Which tyre compounds did race winners start on?

Each JSON document contains:

  • Compound
  • Stint number
  • Final finishing position

We can extract those values using JSON_VALUE and then let SQL perform the aggregation.

WITH opening_stints AS (
  SELECT
    JSON_VALUE(t.data, '$.Compound' RETURNING VARCHAR2(30)) AS compound,
    JSON_VALUE(t.data, '$.Position' RETURNING NUMBER)       AS finish_position,
    JSON_VALUE(t.data, '$.Stint' RETURNING NUMBER)          AS stint_number
  FROM f1_stints t
)
SELECT
  compound,
  COUNT(*) AS winner_first_stints
FROM opening_stints
WHERE finish_position = 1
  AND stint_number = 1
GROUP BY compound
ORDER BY winner_first_stints DESC, compound;

The JSON paths are intentionally simple:

$.Compound
$.Position
$.Stint

The $ symbol represents the root of the JSON document, and each path simply accesses a field by name.

Result

CompoundWinner first stints
MEDIUM34
SOFT27
ULTRASOFT8
SUPERSOFT6
INTERMEDIATE5
WET2
HYPERSOFT2

Even this basic example provides an interesting racing insight.

Across this dataset, race winners most often started on MEDIUM tyres rather than the softest available compound.

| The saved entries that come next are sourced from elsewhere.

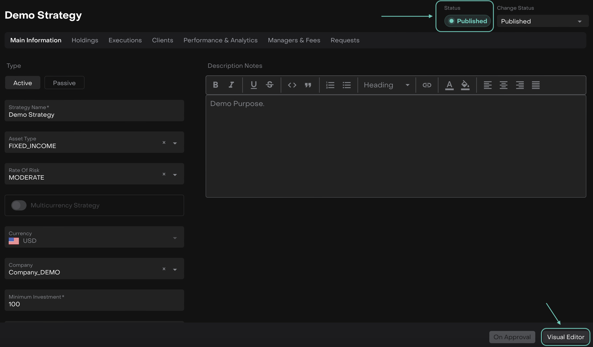 Once Published, the Visual Editor button appears.
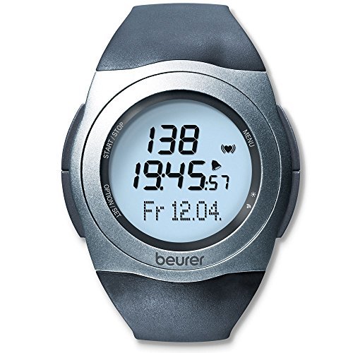 Sportliche Pulsuhr mit Brustgurt für eine EKG-genaue Pulsmessung, ideal für aktive Freizeitsportler und Fortgeschrittene\nEin individueller Trainingsbereich kann manuell eingestellt werden, ganz nach der eigenen Fitness und dem Trainingsziel\nDer Pulsmesser gibt die aktuelle und maximale Herzfrequenz an, mit Infos zu verbrannten Kalorien und Fettverbrennung\nDer Brustgurt hat einen elastischen Spanngurt für einen angenehmen Sitz und guten Tragekomfort\nDie Pulsuhr ist mit einer Displaybeleuchung, Datum- und Uhrzeitanzeige, Stoppuhr und Weckalarm ausgestattet und ist wasserdicht
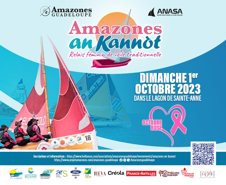 C’est dans ce cadre et à l’occasion « d’Octobre rose », le mois dédié à la sensibilisation au dépistage du cancer du sein, que Amazones Guadeloupe, une association fondée en 2019, dont les membres ont pour volonté « d’être des acteurs visibles et bienveillants de leur parcours de soins en cancérologie » et qui se sont donnés pour mission « d’accompagner, de sensibiliser etd’informer », a décidé de s’unir à l’Anasa qui participe depuis 30 ans au développement de la voile traditionnelle et à la promotion du nautisme, pour proposer un relais féminin de voile traditionnelle baptisé « Amazones en Kannot ».

The important takeaway is that SQL/JSON path expressions don’t have to be complicated. Often they’re simply the bridge that lets SQL work naturally with semi-structured JSON data.


Query 2 — Document-Level Predicates

In the previous query we extracted values first and filtered afterwards.

Sometimes it’s cleaner to filter the JSON document directly.

Let’s ask:

Which race winners started outside the top five?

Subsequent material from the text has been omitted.